Hi, now the EXIT: Restoration Failed issue was gone, but I am having strange optimal solution with the following example
using JuMP
using Ipopt
model = Model(Ipopt.Optimizer)
@variable(model, α, start=1.0 )
@variable(model, β, start=1.0 )
x = [1. 2.; 3. -1; 5.0 3.;6. 7.]
f(α, β) = maximum(sum([α β] .* x, dims=2))
g(α, β) = minimum(sum([α β] .* x, dims=2))
JuMP.register(model, :f, 2, f, autodiff=true)
JuMP.register(model, :g, 2, g, autodiff=true)

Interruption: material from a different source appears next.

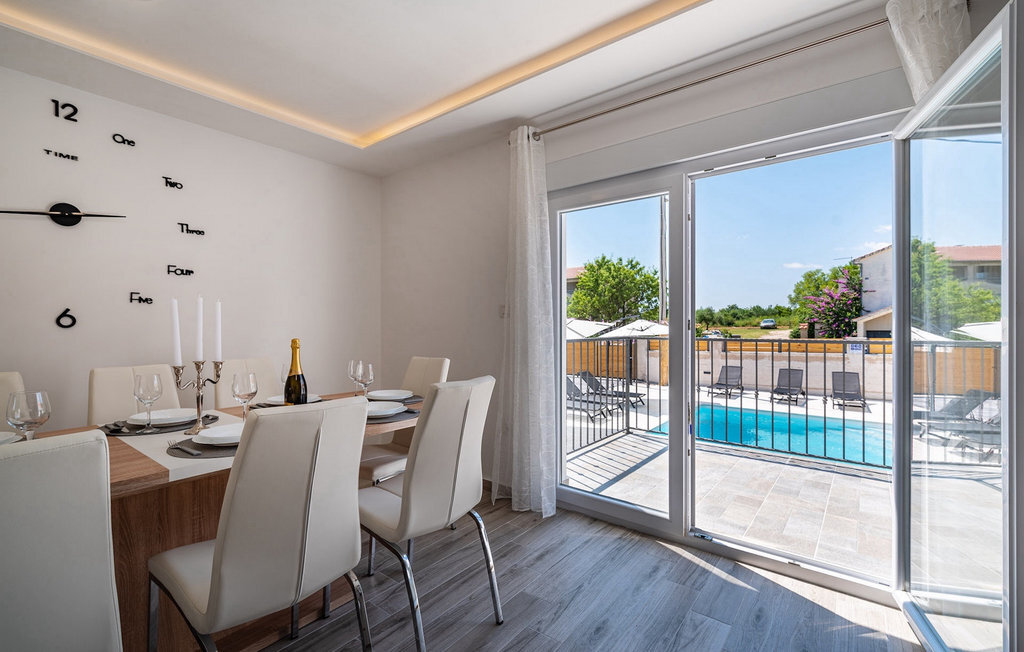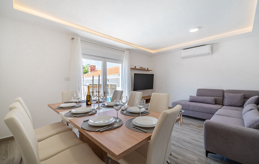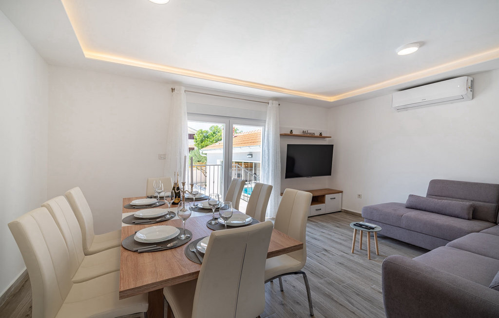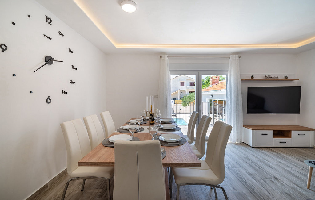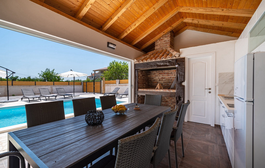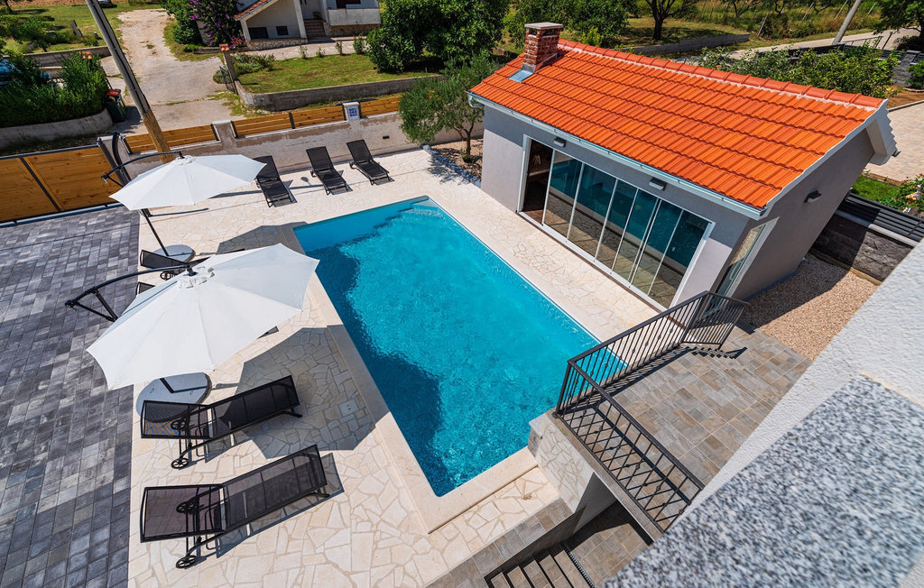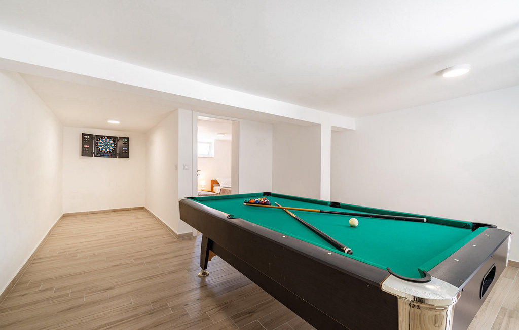 La villa Feniks, située dans le village de Polaa, est une villa idéale pour des vacances en famille. Le jardin est entièrement clôturé et vous offre l'intimité souhaitée pendant vos vacances. Devant cette magnifique villa se trouve une piscine de 32 mètres carrés dans laquelle vous pourrez vous rafraîchir de la chaleur estivale. Si vous êtes un fan des bains de soleil, détendez-vous dans les chaises longues au bord de la piscine et profitez de boissons rafraîchissantes et de lectures intéressantes. Près de la piscine, il y a un espace couvert avec une cuisine extérieure et une table à manger en bois de 8 places, où vous pourrez déguster des spécialités dalmates au barbecue. Réveillez l'enfant qui sommeille en vous et amusez-vous avec les plus jeunes membres de la famille sur le trampoline. Les possibilités de divertissement ne manquent pas dans la villa : dans la salle du sous-sol, vous pouvez jouer au billard ou aux fléchettes. L'intérieur de la villa ne vous décevra pas non plus. Au rez-de-chaussée de la villa, il y a une cuisine avec tout ce dont vous avez besoin pour préparer vos repas, un espace ouvert avec un salon confortable et une salle à manger. Au premier étage de la villa, il y a une salle de bain, une chambre à coucher avec un lit double, une deuxième chambre à coucher qui dispose également d'un lit double et une troisième chambre à coucher avec un lit superposé, qui sera certainement appréciée par les plus jeunes clients. Les chambres à coucher du premier étage disposent d'une télévision et de la climatisation. Au sous-sol de la villa se trouve une quatrième chambre avec deux lits simples et la climatisation. Des vacances à la Villa Phoenix vous revigoreront et vous élèveront tel un phénix vers de nouvelles victoires dans la vie. Ne manquez pas des vacances amusantes en famille dans l'atmosphère dalmate de Polaa. La villa Feniks est située à Polaa, près de la ville de Biograd na Moru. Elle se trouve dans la région de Ravni Kotar, connue pour sa cerise locale Maraska et son agrotourisme. Visitez le parc naturel du lac Vrana, qui abrite le plus grand lac naturel et l'une des plus grandes zones humides de la région méditerranéenne de Croatie. Le territoire du parc compte 95 espèces protégées par la loi. La vieille ville de Vrana a été créée au Moyen-Âge à proximité immédiate du lac. Le monastère bénédictin a ensuite été utilisé par les chevaliers templiers et les insignes symboles du pouvoir du royaume croate ont longtemps été conservés entre ses murs. Visitez les centres touristiques de Biograd na Moru et Pakotane. Pakotane est situé au centre de la Dalmatie et possède de nombreuses attractions culturelles et historiques telles que les églises St-Justin, St-Michel, St-Roka et des fêtes locales comme le carnaval, les jeux d'été. Biograd na moru est une station balnéaire d'été réputée et populaire avec de magnifiques plages de sable. Les amateurs d'histoire peuvent visiter le musée de Biograd. Visitez de nombreuses îles comme Paman, Galesnjak et NP Kornati. Une destination incontournable est Zadar, le berceau culturel et historique de la Croatie, célèbre pour l'église Sainte-Donata, Sainte-Stoija et Sainte-Marie, le coffre de Saint imuna, la rue principale Kalelarga, l'orgue de mer et le salut au soleil.

@NLobjective(model, Max, f(α, β) / g(α, β) )
optimize!(model)
output
Number of objective function evaluations = 368
Number of objective gradient evaluations = 12
Number of equality constraint evaluations = 0
Number of inequality constraint evaluations = 0
Number of equality constraint Jacobian evaluations = 0
Number of inequality constraint Jacobian evaluations = 0
Number of Lagrangian Hessian evaluations = 0
Total CPU secs in IPOPT (w/o function evaluations) = 0.171
Total CPU secs in NLP function evaluations = 0.004
EXIT: Optimal Solution Found.
result:
julia> value(α)
-6.616112462703816e14
julia> value(β)
2.2053711899565838e14
julia> objective_value(model)
0.08333330892901637
however, this is definitely not good solution as even with start number 1, the objective could be 6.5. what is wrong with my formulation?